── Information supplied ──
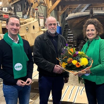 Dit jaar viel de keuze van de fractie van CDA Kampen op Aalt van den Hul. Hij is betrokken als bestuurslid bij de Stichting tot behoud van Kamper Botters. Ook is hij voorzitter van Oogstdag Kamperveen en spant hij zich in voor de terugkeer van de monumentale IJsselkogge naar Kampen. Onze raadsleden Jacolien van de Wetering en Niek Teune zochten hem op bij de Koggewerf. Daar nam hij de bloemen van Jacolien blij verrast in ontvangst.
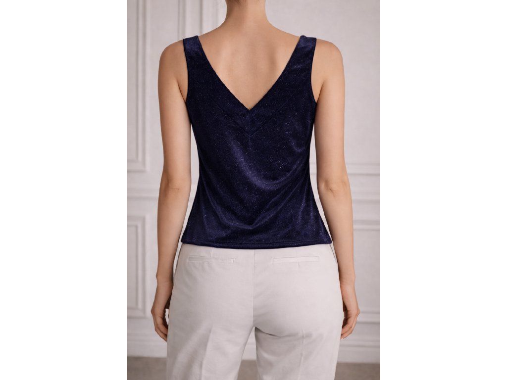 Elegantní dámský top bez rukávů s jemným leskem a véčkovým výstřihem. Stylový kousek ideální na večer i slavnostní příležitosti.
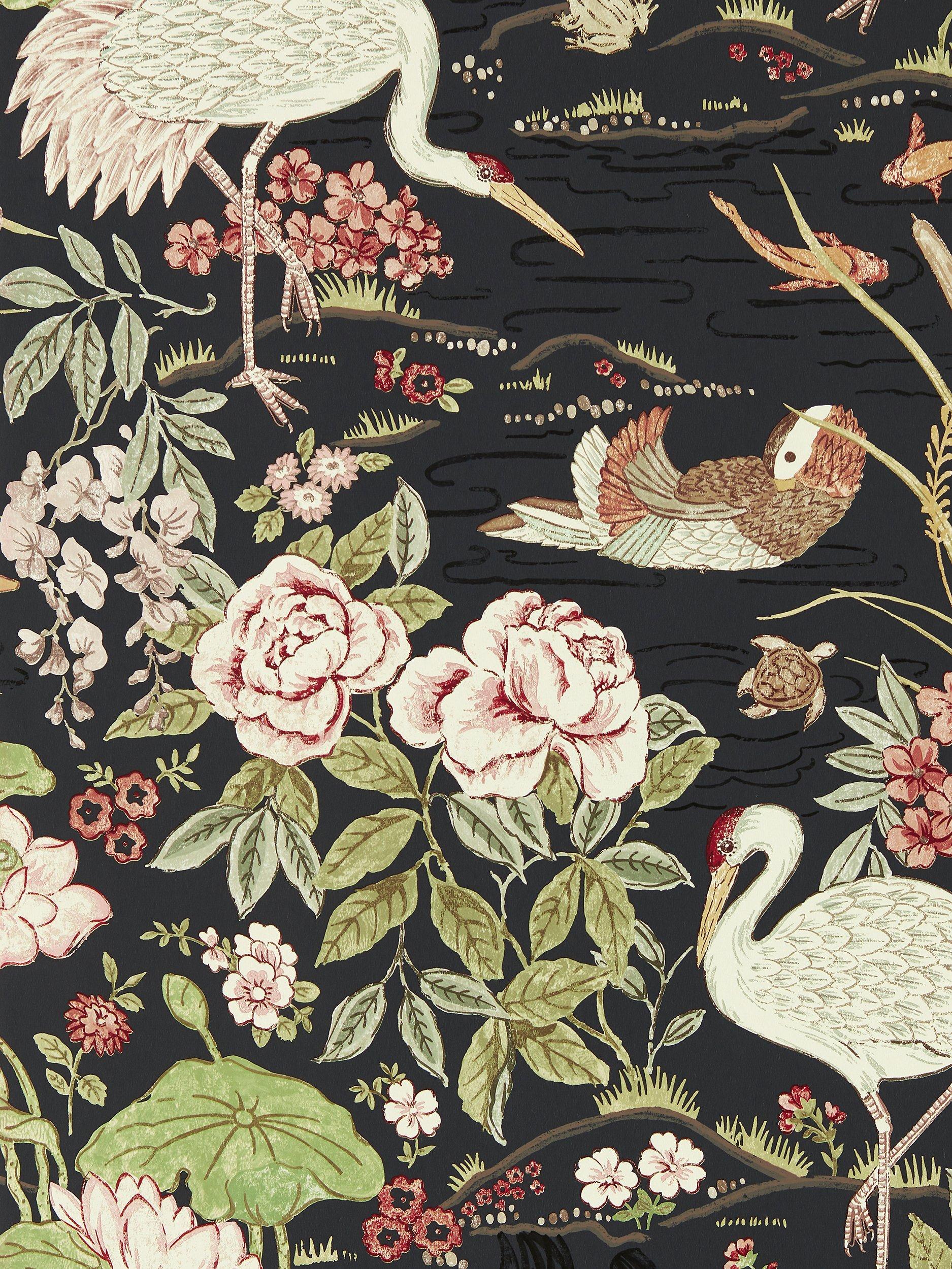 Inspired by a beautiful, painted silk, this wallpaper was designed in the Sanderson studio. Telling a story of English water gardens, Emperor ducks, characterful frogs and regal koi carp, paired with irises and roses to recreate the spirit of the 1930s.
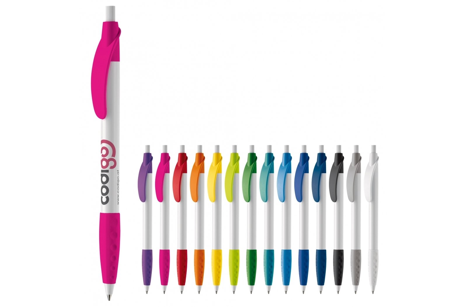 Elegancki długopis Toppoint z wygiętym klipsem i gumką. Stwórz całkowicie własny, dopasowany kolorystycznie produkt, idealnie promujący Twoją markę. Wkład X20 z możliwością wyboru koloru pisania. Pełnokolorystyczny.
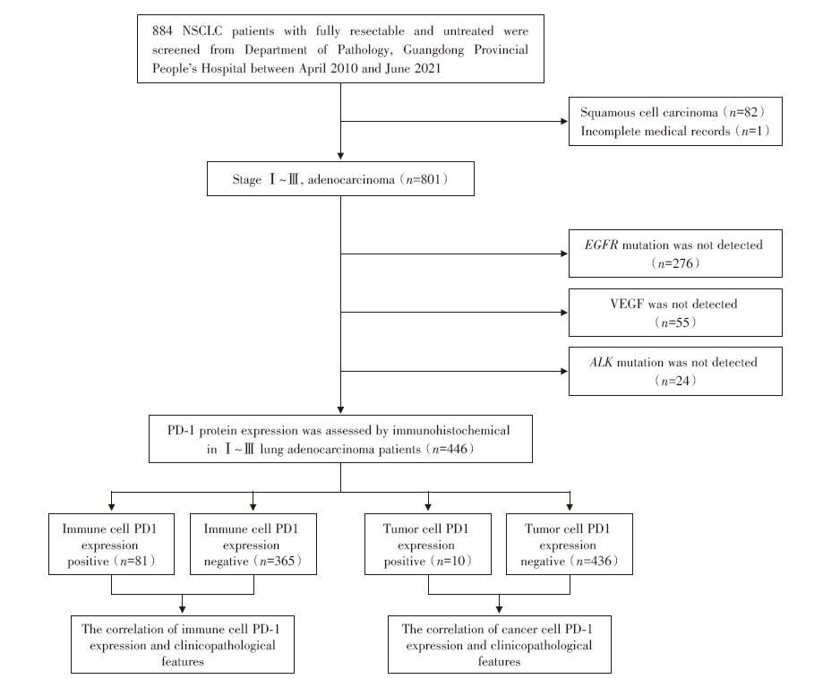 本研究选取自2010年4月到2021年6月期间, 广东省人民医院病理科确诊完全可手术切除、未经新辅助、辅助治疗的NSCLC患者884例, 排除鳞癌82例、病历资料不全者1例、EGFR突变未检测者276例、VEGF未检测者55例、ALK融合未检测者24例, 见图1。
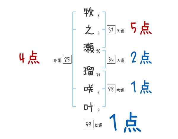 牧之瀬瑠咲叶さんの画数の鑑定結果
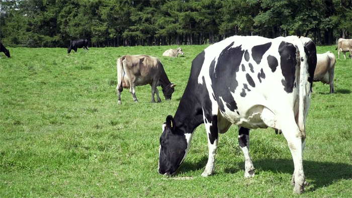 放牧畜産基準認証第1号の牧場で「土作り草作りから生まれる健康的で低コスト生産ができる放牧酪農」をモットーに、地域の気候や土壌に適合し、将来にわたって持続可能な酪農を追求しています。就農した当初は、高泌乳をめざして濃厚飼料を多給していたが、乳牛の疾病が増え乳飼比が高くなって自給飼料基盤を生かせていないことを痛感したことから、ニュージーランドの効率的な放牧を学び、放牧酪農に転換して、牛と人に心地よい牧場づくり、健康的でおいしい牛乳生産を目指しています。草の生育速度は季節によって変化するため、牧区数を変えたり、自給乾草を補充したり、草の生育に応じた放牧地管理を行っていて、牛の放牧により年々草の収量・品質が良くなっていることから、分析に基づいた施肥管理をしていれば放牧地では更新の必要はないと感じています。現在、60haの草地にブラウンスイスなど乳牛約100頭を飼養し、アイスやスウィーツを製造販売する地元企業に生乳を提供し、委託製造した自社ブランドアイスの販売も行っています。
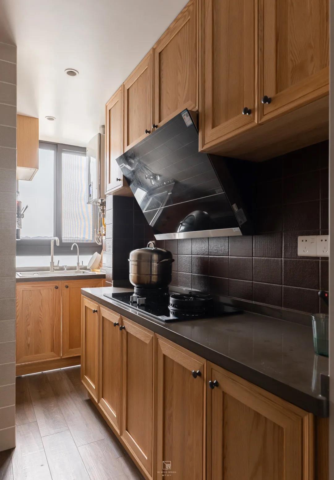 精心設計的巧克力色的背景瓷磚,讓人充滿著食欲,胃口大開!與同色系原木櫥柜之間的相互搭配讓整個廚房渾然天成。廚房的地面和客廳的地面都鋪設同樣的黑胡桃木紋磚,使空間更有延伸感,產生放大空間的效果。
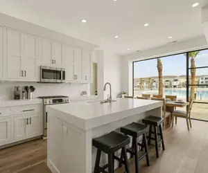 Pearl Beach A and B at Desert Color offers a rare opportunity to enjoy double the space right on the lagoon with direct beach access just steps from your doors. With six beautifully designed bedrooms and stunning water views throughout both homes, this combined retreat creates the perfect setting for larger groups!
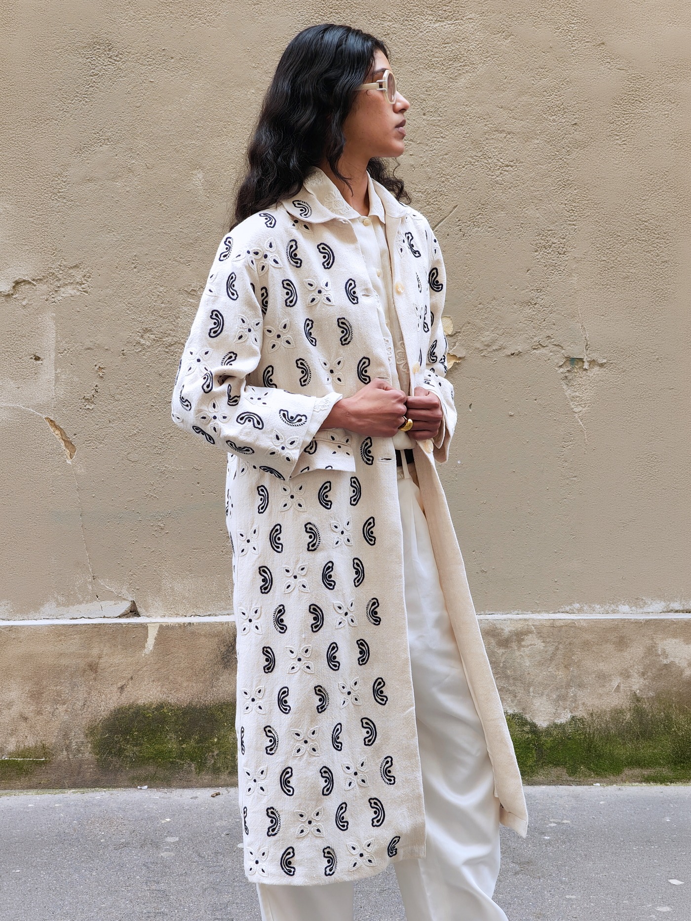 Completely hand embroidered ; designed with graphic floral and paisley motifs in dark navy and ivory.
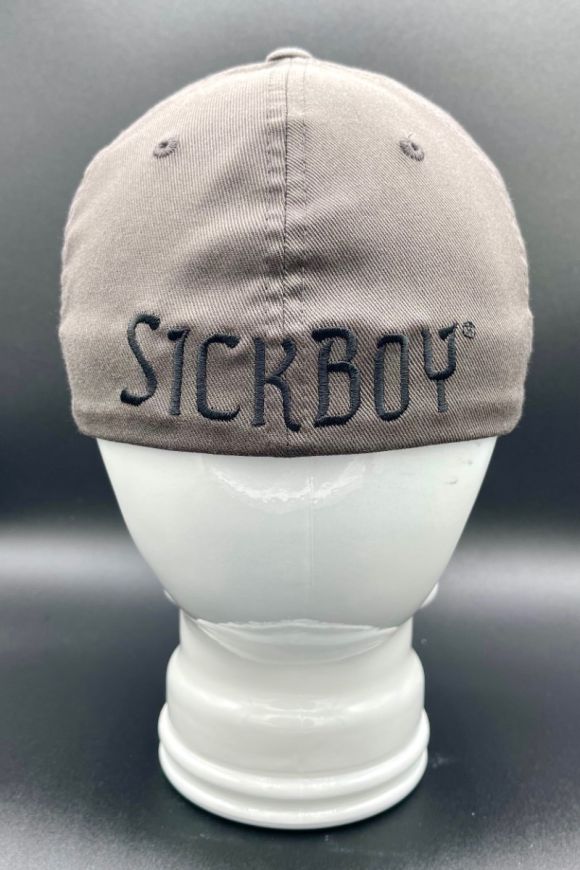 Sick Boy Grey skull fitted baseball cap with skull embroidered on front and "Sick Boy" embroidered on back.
───
**Task statement**:
If a picture appears among the records, leave it out, and otherwise reproduce exactly every line from the first line through the one with "Elegantní dámský top", both included.

**Answer box**:
 Dit jaar viel de keuze van de fractie van CDA Kampen op Aalt van den Hul. Hij is betrokken als bestuurslid bij de Stichting tot behoud van Kamper Botters. Ook is hij voorzitter van Oogstdag Kamperveen en spant hij zich in voor de terugkeer van de monumentale IJsselkogge naar Kampen. Onze raadsleden Jacolien van de Wetering en Niek Teune zochten hem op bij de Koggewerf. Daar nam hij de bloemen van Jacolien blij verrast in ontvangst.
 Elegantní dámský top bez rukávů s jemným leskem a véčkovým výstřihem. Stylový kousek ideální na večer i slavnostní příležitosti.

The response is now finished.